## Given data:

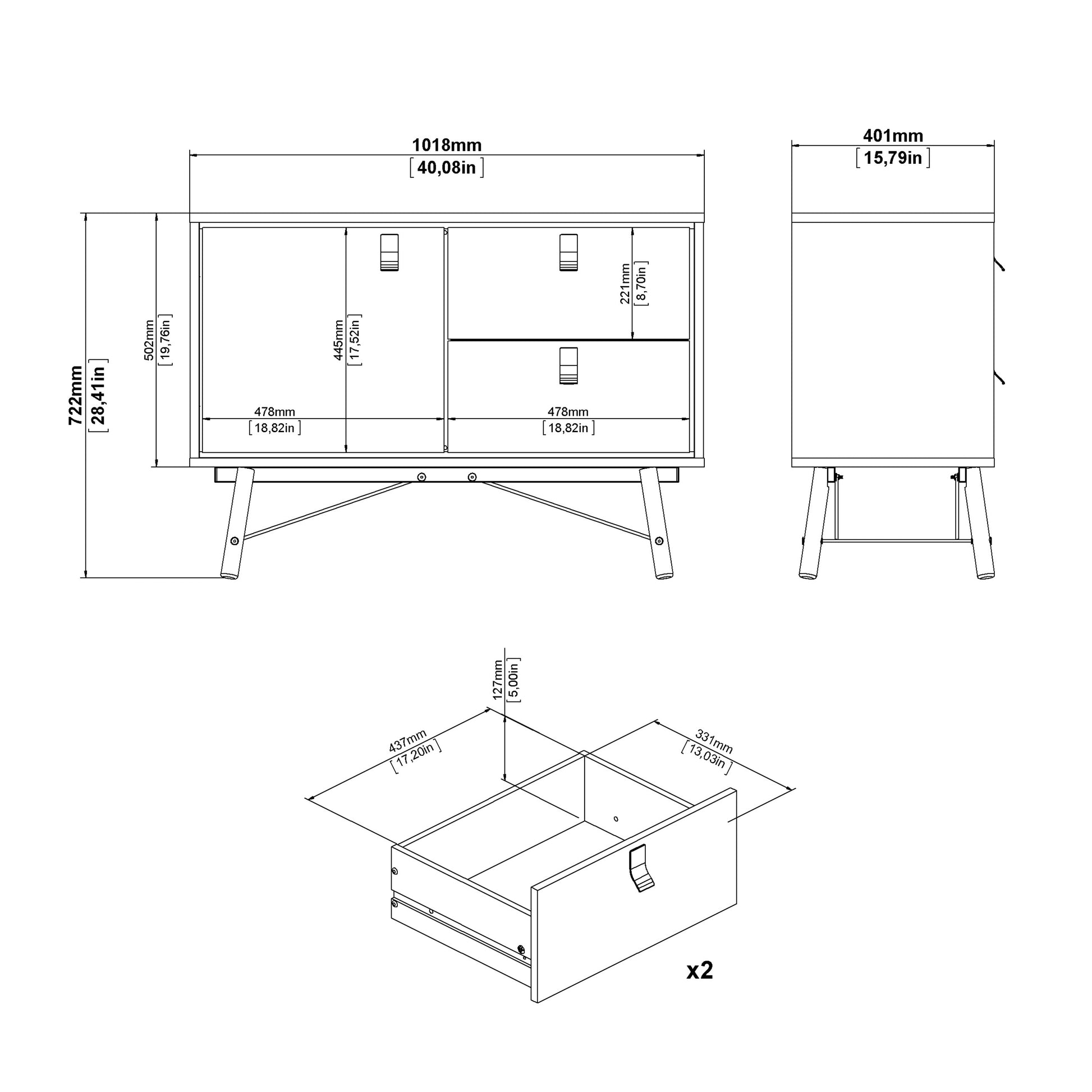 Ry Sideboard with 1 Door 2 Drawers in Matt White
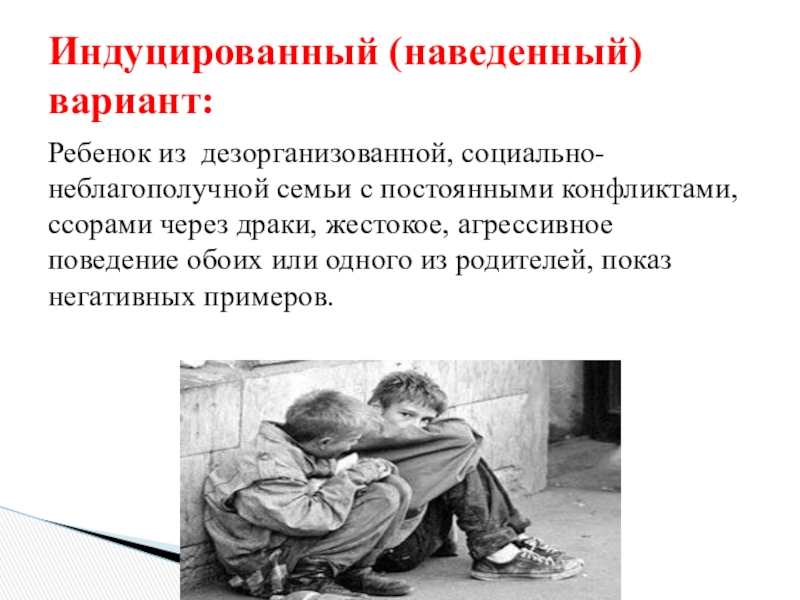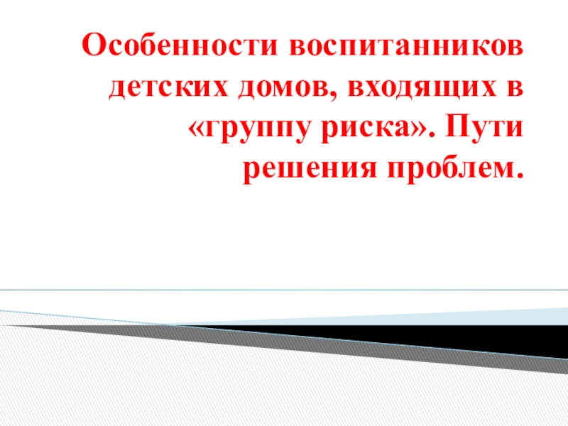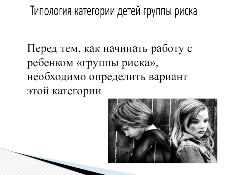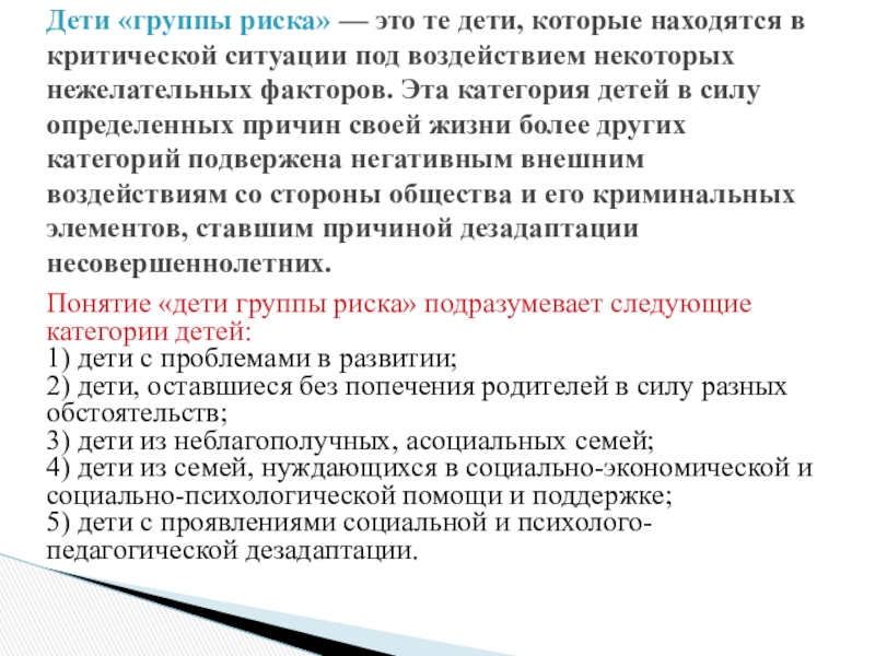 Дети «группы риска» — это те дети, которые находятся в критической ситуации под воздействием некоторых нежелательных факторов. Эта категория детей в силу определенных причин своей жизни более других категорий подвержена негативным внешним воздействиям со стороны общества и его криминальных элементов, ставшим причиной дезадаптации несовершеннолетних.
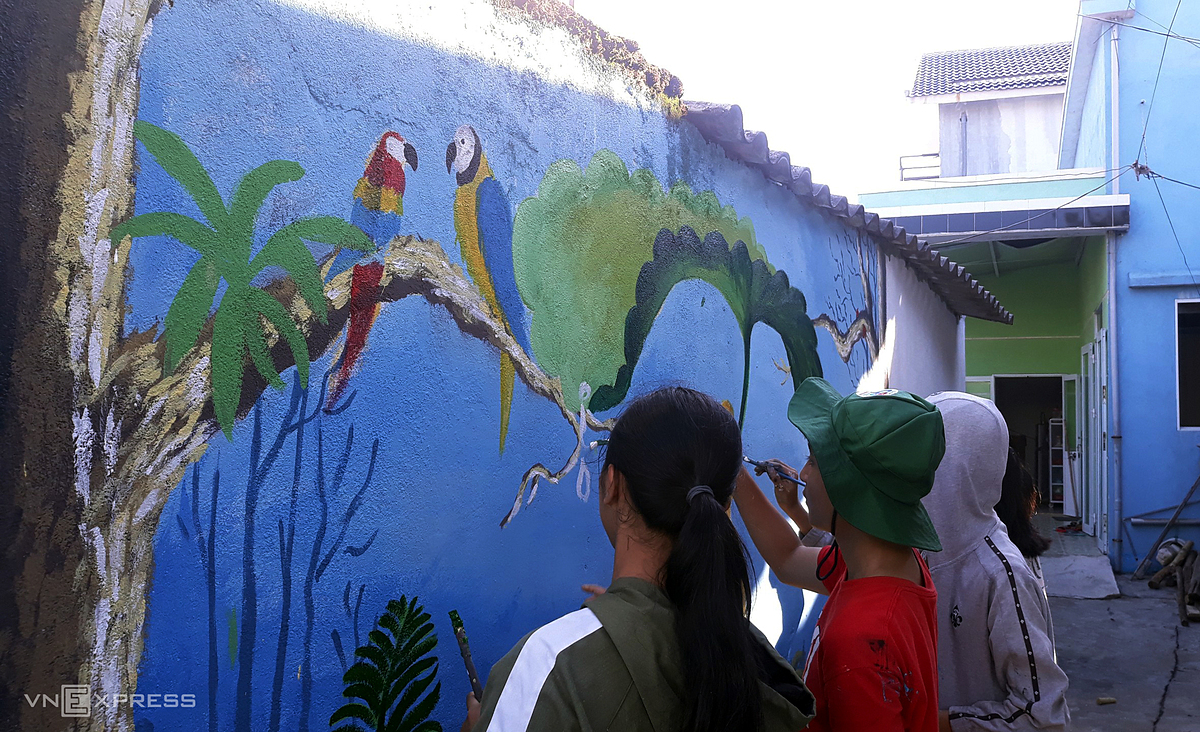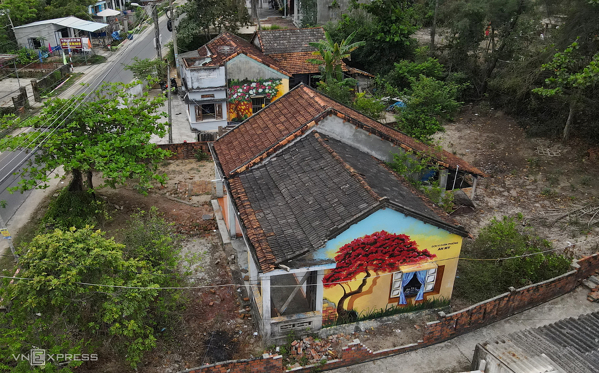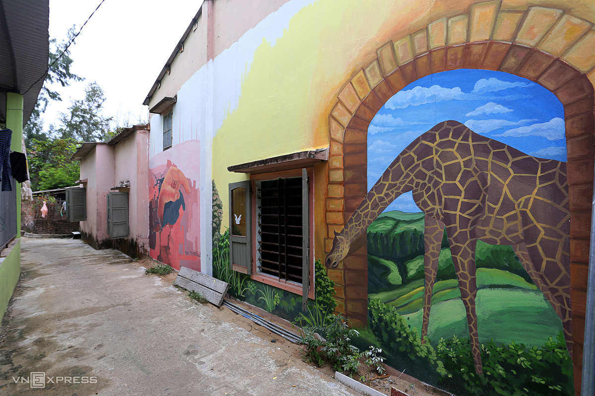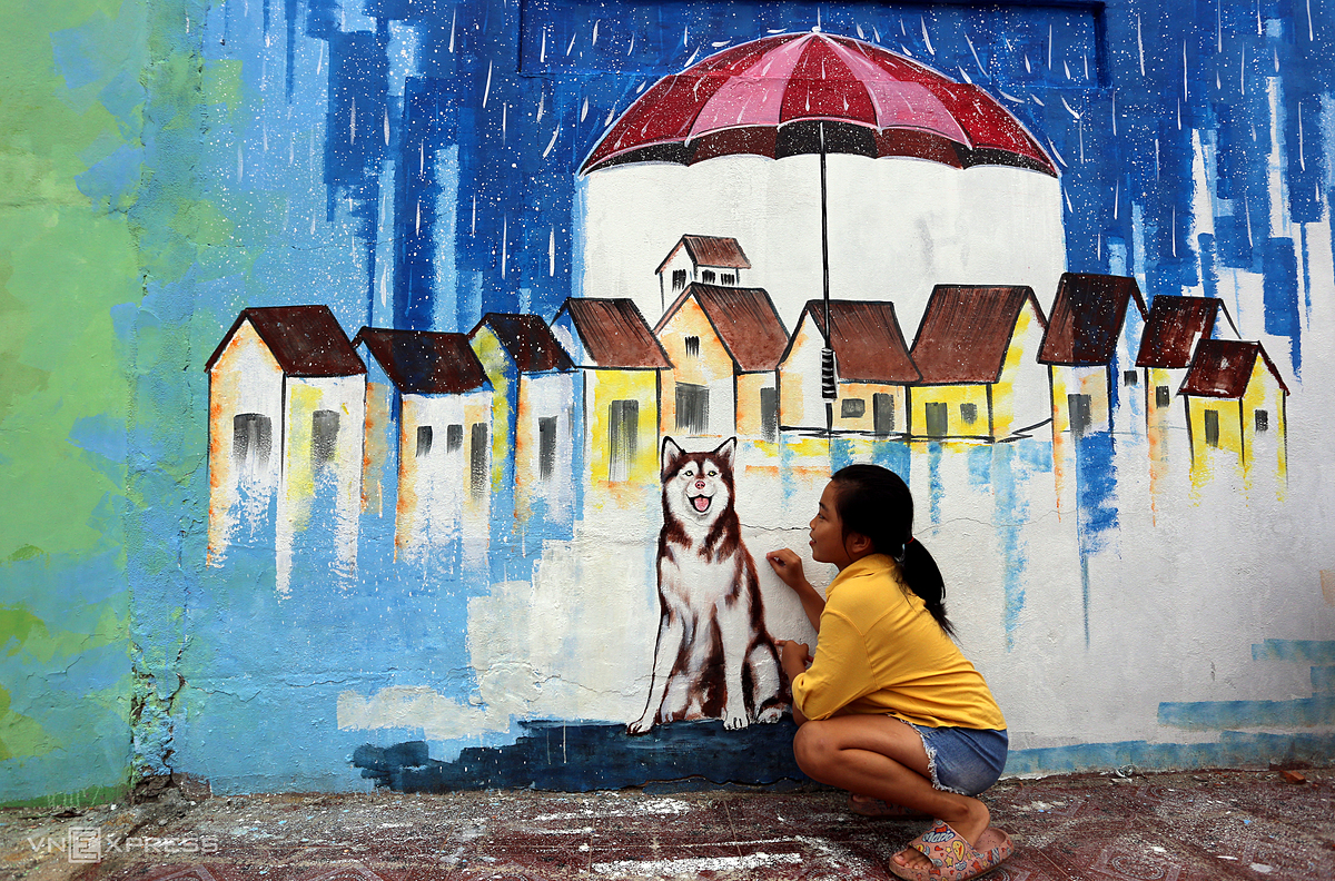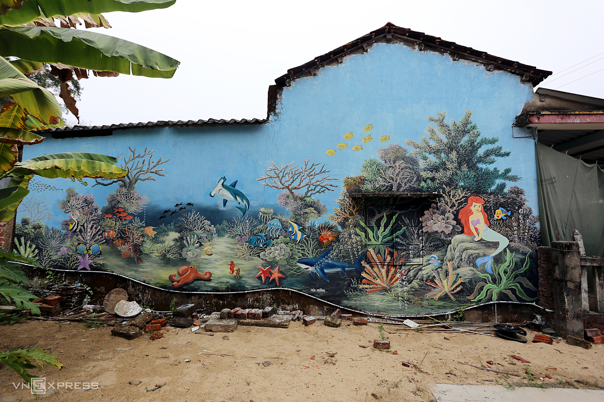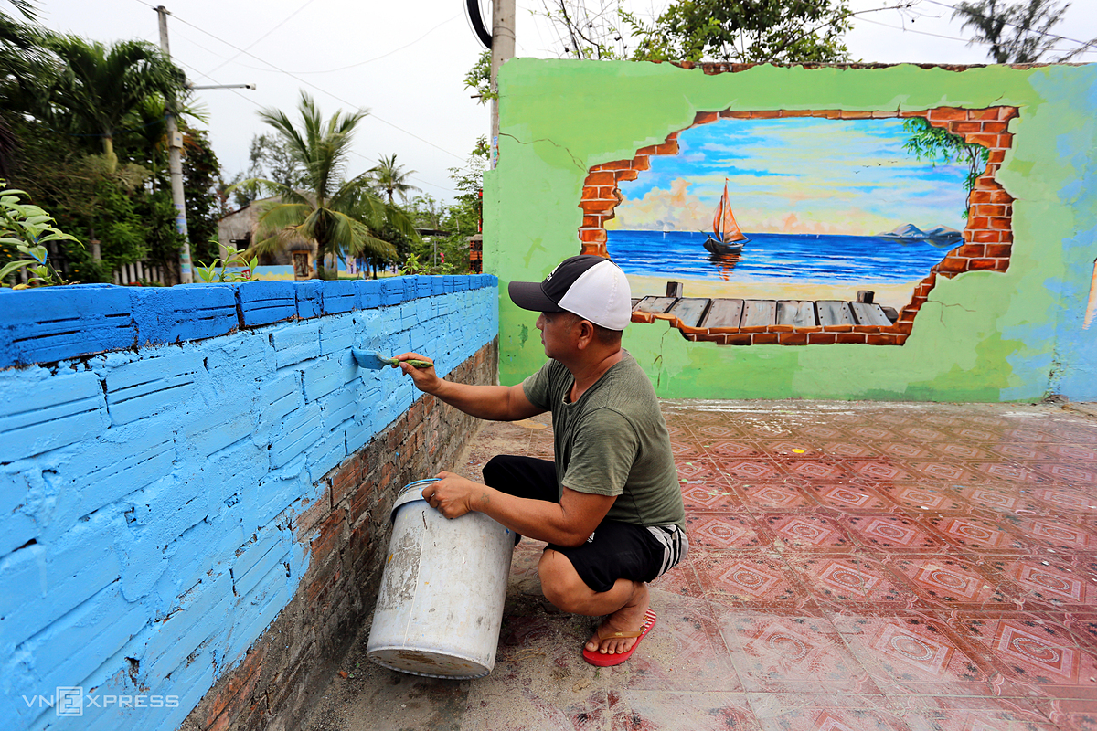Tran Khanh Binh, a villager, decorates his home."Before the pandemic broke out, a large number of visitors flocked to visit the mural village but there are few at this time," he said. |
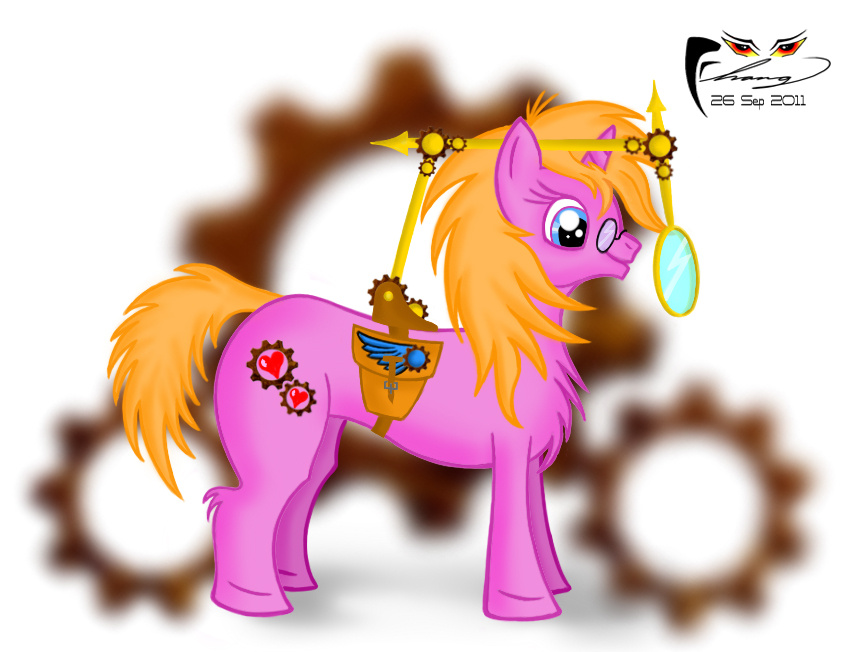 Meet Abney pony, a strange little gal obsessed with Steampunk, so much that she invents different gadgets to help her out with every day chores. Here she is sporting her magnifying glass and accessory bag. Her cutie mark, gears with hearts, of course signifies her love with all things Steampunk.

## Required work:
Could you restate all of the data above word for word and skip every picture?

## Exercise result:
 Ry Sideboard with 1 Door 2 Drawers in Matt White
 Дети «группы риска» — это те дети, которые находятся в критической ситуации под воздействием некоторых нежелательных факторов. Эта категория детей в силу определенных причин своей жизни более других категорий подвержена негативным внешним воздействиям со стороны общества и его криминальных элементов, ставшим причиной дезадаптации несовершеннолетних.
Tran Khanh Binh, a villager, decorates his home."Before the pandemic broke out, a large number of visitors flocked to visit the mural village but there are few at this time," he said. |
 Meet Abney pony, a strange little gal obsessed with Steampunk, so much that she invents different gadgets to help her out with every day chores. Here she is sporting her magnifying glass and accessory bag. Her cutie mark, gears with hearts, of course signifies her love with all things Steampunk.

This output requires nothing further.